ABSTRACT Correlated activity is an integral part of how populations of neurons process information. Signal and noise correlations are important to consider because they have the potential to improve or degrade encoding and decoding, depending on their specific structure. Here I propose to utilize the retina as a model system to elucidate the impact of correlated activity on visual processing. In particular, I will test the role of correlations across different computations and adaptation states in the retina. Retinal ganglion cells (RGCs), the sole source of visual information for the brain, exhibit signal and noise correlations in their responses. RGCs are organized into ~30 different cell types, each of which performs a distinct visual function. Here I consider the structure and significance of correlations across diverse RGC types. Adaptation state is another crucial factor because the retina must convey visual signals over a broad range of light intensities, and different light levels alter the strength of correlations between RGCs. My overarching hypothesis is that correlated activity among RGCs encodes novel visual signals and can substantially improve decoding by circuits downstream of the retina. I will test this hypothesis across cell types and light levels in three aims. My first aim will measure and model the structure of correlations among RGCs to quantify response components that underlie correlated activity. In my second aim, I will determine how correlated activity impacts retinal encoding of visual scenes. Specifically, I will find the stimulus features and the amount of information that are encoded by correlated activity across cell types and light levels.
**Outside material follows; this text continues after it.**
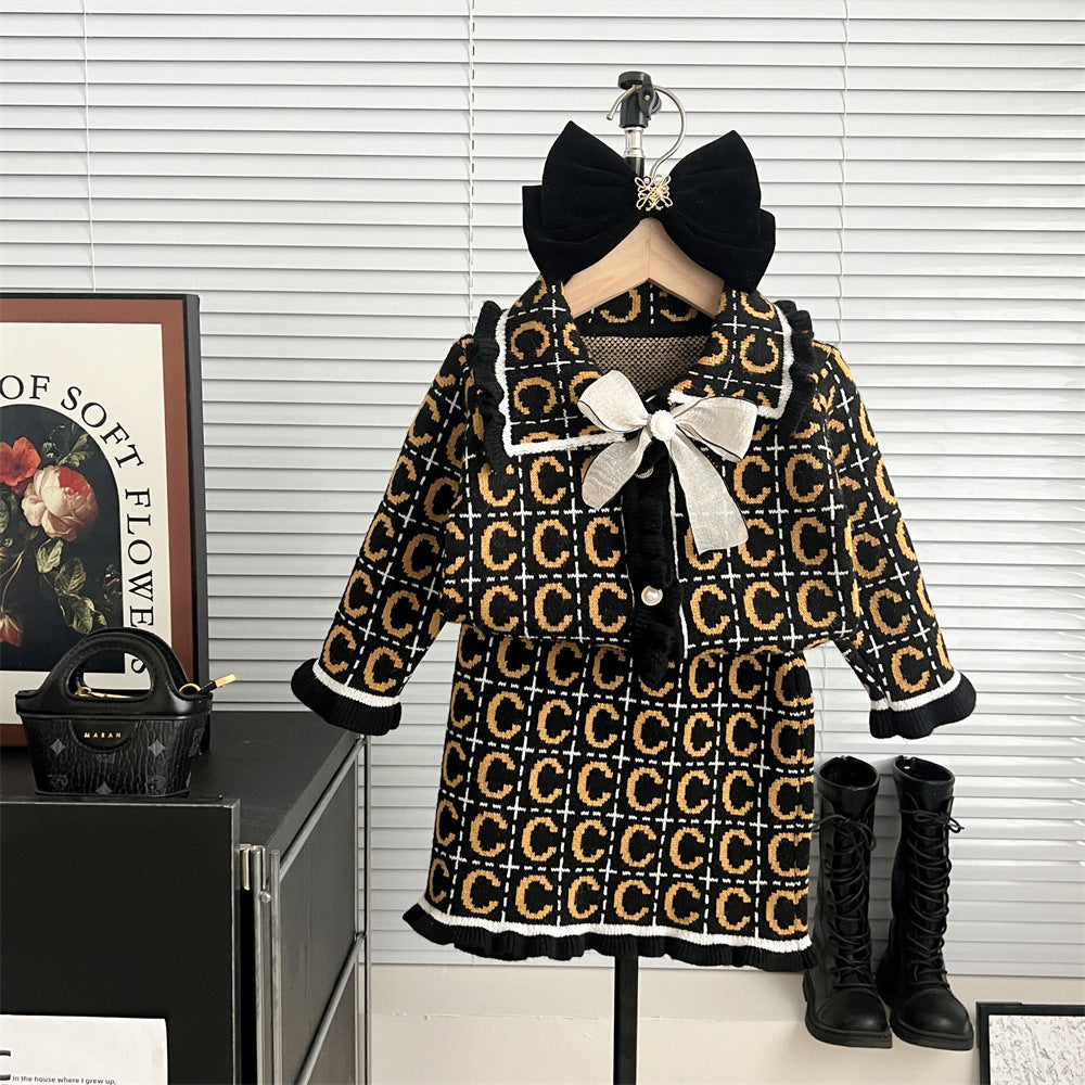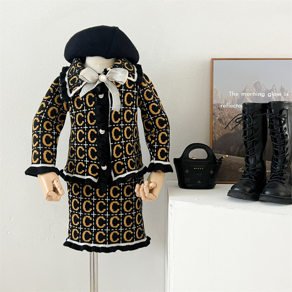 Kids' Sweater Suit Knitted Cardigan Two-piece Set

The third aim will determine the how correlations may impact downstream processing of retinal output. In this aim, I will implement a decoder that estimates visual stimuli from RGC responses. I will determine if correlated activity improves the decoder’s performance such that a single decoder can successfully readout RGC activity across light levels. Overall, this work utilizes and combines the powerful capabilities of large-scale multi-electrode arrays with advanced computational techniques. These approaches will enable me to determine the role of correlated activity for encoding and decoding visual stimuli in the retina. This work will advance our knowledge of early visual processing, as well as how correlations impact neural computations and circuit function in general.

摘要 相关活动是神经元群体如何处理信息的一个组成部分。信号和噪声 考虑相关性是重要的，因为它们具有改进或降低编码的潜力， 解码，这取决于它们的具体结构。在这里，我建议利用视网膜作为一个模型系统来阐明 相关活动对视觉处理的影响。特别是，我将测试跨 不同的计算和适应状态。视网膜神经节细胞（RGC）， 大脑的视觉信息，在它们的反应中表现出信号和噪声的相关性。RGC分为 ~30种不同的细胞类型，每种都有不同的视觉功能。在这里，我考虑的结构和 不同RGC类型之间的相关性的重要性。适应状态是另一个关键因素，因为 视网膜必须在很宽的光强度范围内传递视觉信号，不同的光强度会改变强度。 RGC之间的相关性。我的总体假设是，RGC之间的相关活动编码了新的 视觉信号，并可以大大改善视网膜下游电路的解码。我来测试一下 假设在三个目标中跨越细胞类型和光水平。我的第一个目标是测量和模拟 RGC之间的相关性，以量化相关活动的基础反应成分。我的第二个目标， 我将确定相关活动如何影响视觉场景的视网膜编码。具体来说，我会找到 刺激特征和由跨细胞类型的相关活动编码的信息量， 光水平。第三个目标将确定相关性如何影响视网膜神经元的下游处理。 输出.在这个目标中，我将实现一个解码器，估计从RGC反应的视觉刺激。我会决定 如果相关活动提高了解码器的性能 不同光照水平下的RGC活动。总的来说，这项工作利用并结合了大规模 多电极阵列与先进的计算技术。这些方法将使我能够确定 视网膜中编码和解码视觉刺激的相关活动的作用。这项工作将促进我们的 早期视觉处理的知识，以及相关性如何影响神经计算和电路功能 梗概.